Collected data entries
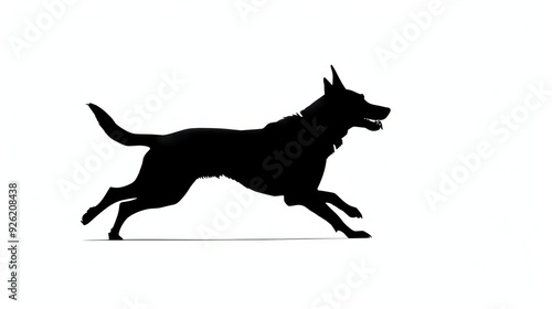 Side profile silhouette of a playful dog jumping with its ears and tail extended
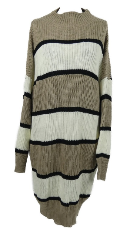 Dámska béžovo-čierno-biela pruhovaná svetrová tunika Shein
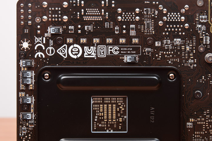 На обратной стороне заметно обилие различных компонентов, используемая усилительная пластина процессорного гнезда — металлическая.
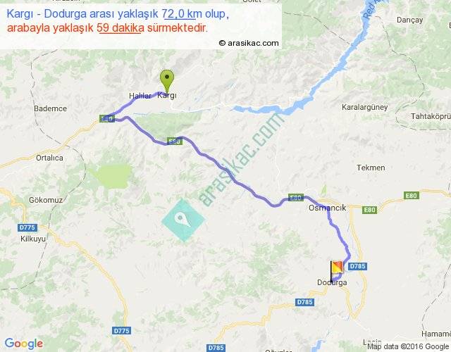 Kargı - Dodurga arası yaklaşık olarak 90 km/h ile yukarıda belirtilen sürede olup, iki yerin kuş uçuşu uzaklığı (mesafesi) 41'dir. Yolculuk otobüsle 1 saat 16 dakika sürmektedir.
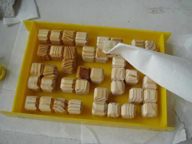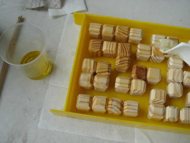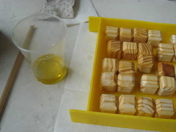 Para evitar que la silicona se pegue a los bloques de madera capa de cada uno de ellos en aceite de oliva, o una sustancia no pegarse diseñado específicamente para su tipo de silicona.

▶ [What is required] Given the records above, return the lines starting at the one that holds "Dámska béžovo-čierno-biela pruhovaná" and ending at the one that holds "Kargı - Dodurga", exactly, and nothing besides; leave every picture out.

▶ [Answer to this problem]
 Dámska béžovo-čierno-biela pruhovaná svetrová tunika Shein
 На обратной стороне заметно обилие различных компонентов, используемая усилительная пластина процессорного гнезда — металлическая.
 Kargı - Dodurga arası yaklaşık olarak 90 km/h ile yukarıda belirtilen sürede olup, iki yerin kuş uçuşu uzaklığı (mesafesi) 41'dir. Yolculuk otobüsle 1 saat 16 dakika sürmektedir.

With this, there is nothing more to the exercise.